Una scuola senza distinzioni di serie A e B, il
diritto legittimo dei genitori di scegliere in
autonomia e coscienza il tipo di istruzione per i
propri figli. E naturalmente la libertà
d’insegnamento. Dario Antiseri, filosofo e
professore di Metodologia delle Scienze Sociali
nonché relatore del convegno della Rivista
Lasalliana nel suo intervento di oggi partirà da
questi principi. «Recentemente la Cei ha
ribadito con forza il principio che in ambito
educativo alle famiglie sia consentito di scegliere
senza condizionamenti il percorso di studi e la
scuola reputata migliore per sé e i propri figli»

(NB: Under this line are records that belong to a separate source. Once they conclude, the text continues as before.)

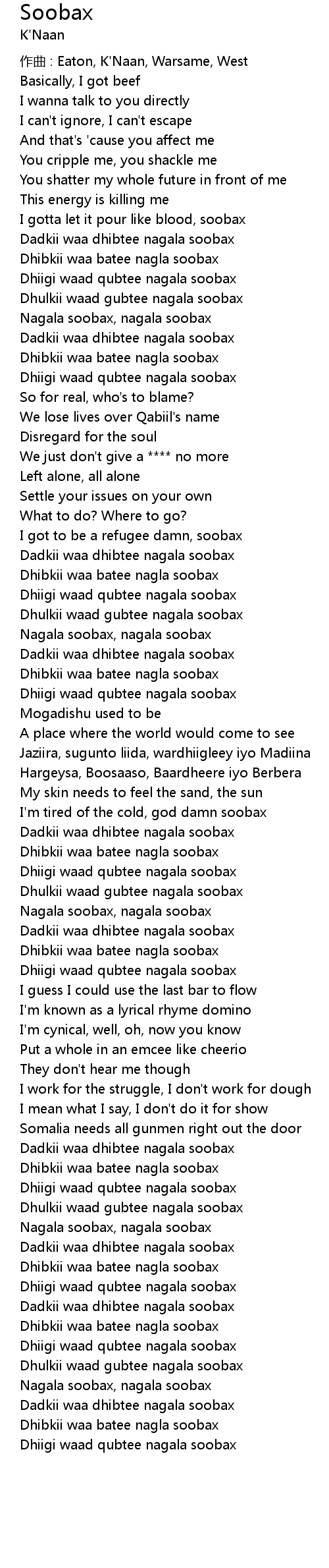 | Nagala soobax, nagala soobax | |
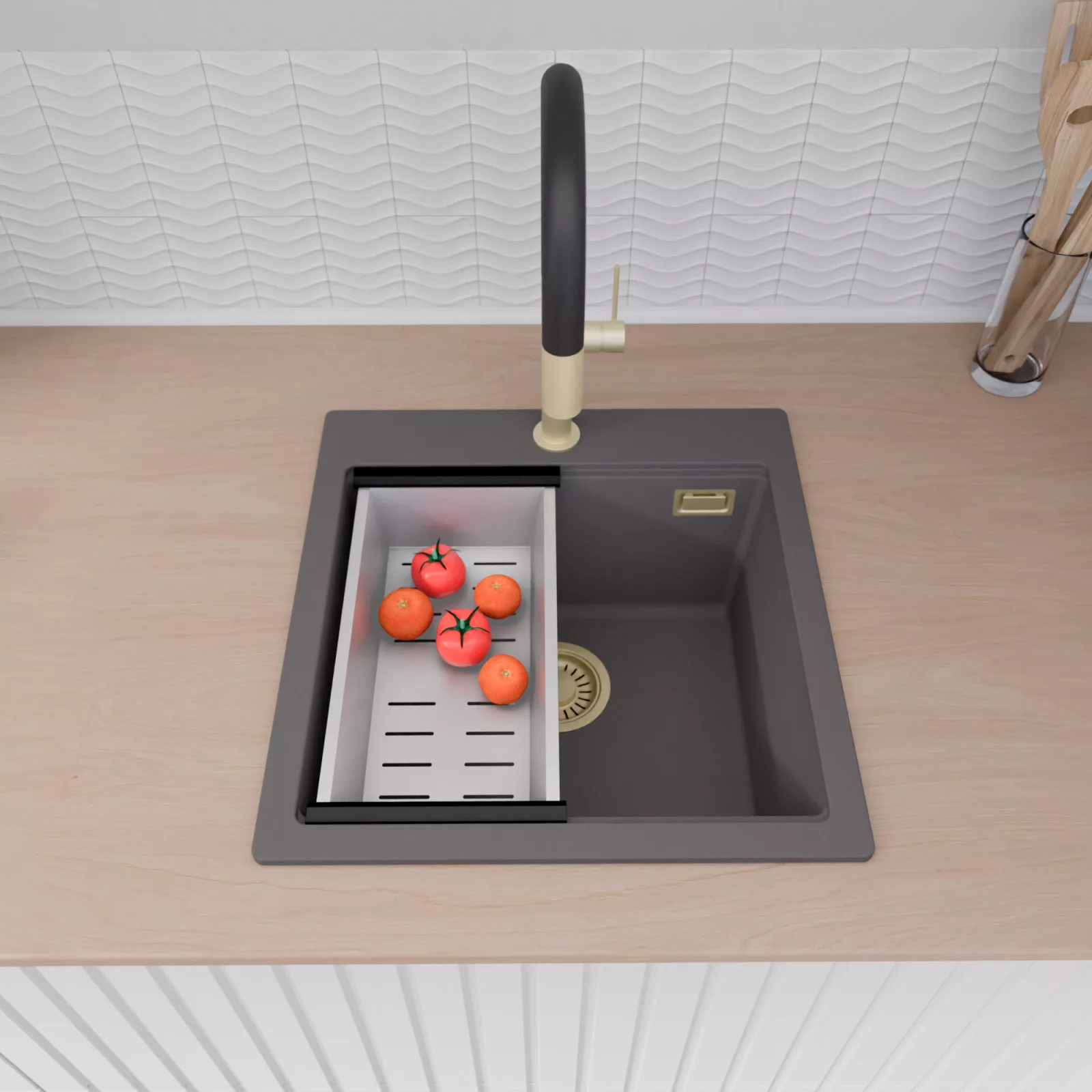 A mosogató prémium minőségű gránit kompozitból készült. Letisztult megjelenése mellett rendkívül praktikus, így bármilyen stílusú konyhába harmonikusan illeszkedik. A strapabíró gránit anyag hosszú távon is megbízható használatot garantál.
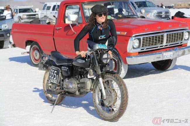 映画『世界最速のインディアン』(2005年)の舞台となった、アメリカ・ユタ州の塩の平原で繰り広げられるスピードトライアルに、日本人女性がホンダ「スーパーカブC100」(1958年発売)で挑みます。
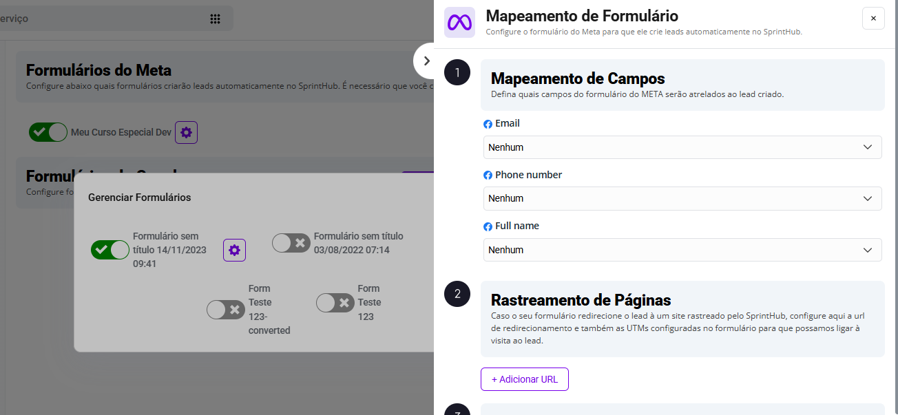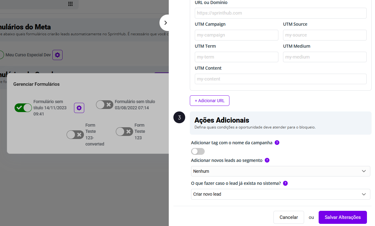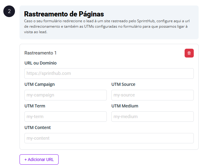 Caso o seu formulário redirecione o lead à um site rastreado pelo SprintHub, configure aqui a url de redirecionamento e também as UTMs configuradas no formulário para que possamos ligar à visita ao lead.
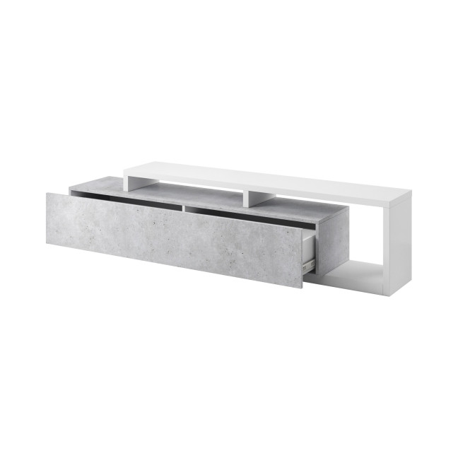 W skład zestawu wchodzą: Półka, witryna wisząca z półką i oświetleniem oraz komoda RTV.
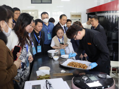 首先孟祥忍主任带领考察团参观了中餐繁荣基地,观摩烹饪机器人菜肴制作。

spiega Antiseri. È quanto ha stabilito nel 1984 il
Parlamento europeo nella Risoluzione sulla
"libertà di insegnamento nella Comunità
europea" e cioè testualmente che "il diritto alla
libertà di insegnamento implica per sua natura
l’obbligo per gli Stati membri di rendere
possibile l’esercizio di tale diritto anche sotto il
profilo finanziario e di accordare alle scuole le
sovvenzioni pubbliche necessarie allo
svolgimento dei loro compiti e obblighi, in
condizioni uguali a quelle di cui beneficiano gli
istituti pubblici corrispondenti, senza
discriminazione nei confronti degli organizzatori, dei genitori, degli alunni e del personale».
Ma le scuole cattoliche non sono già paritarie?
«Non è parità se non c’è una parità economica. Noi non siamo contro la scuola di Stato, sia
chiaro, ma vogliamo salvare la scuola dallo statalismo, dal monopolio dell’istituzione. In difesa
della libertà d’insegnamento si sono schierati prima di noi illustri pensatori da Tocqueville al
cattolico Rosmini, ai laici Stuart Mill, Russell o, quelli più vicini a noi, Friedman, Einaudi e
perfino Gramsci che scrisse "la libertà nella scuola è possibile solo se la scuola è indipendente
dal controllo dello Stato". Su tutti valga il monito di Luigi Sturzo per il quale "finché in Italia la
scuola non sarà libera, neppure gli italiani saranno liberi».
Quanto "pesa" la scuola privata allo Stato?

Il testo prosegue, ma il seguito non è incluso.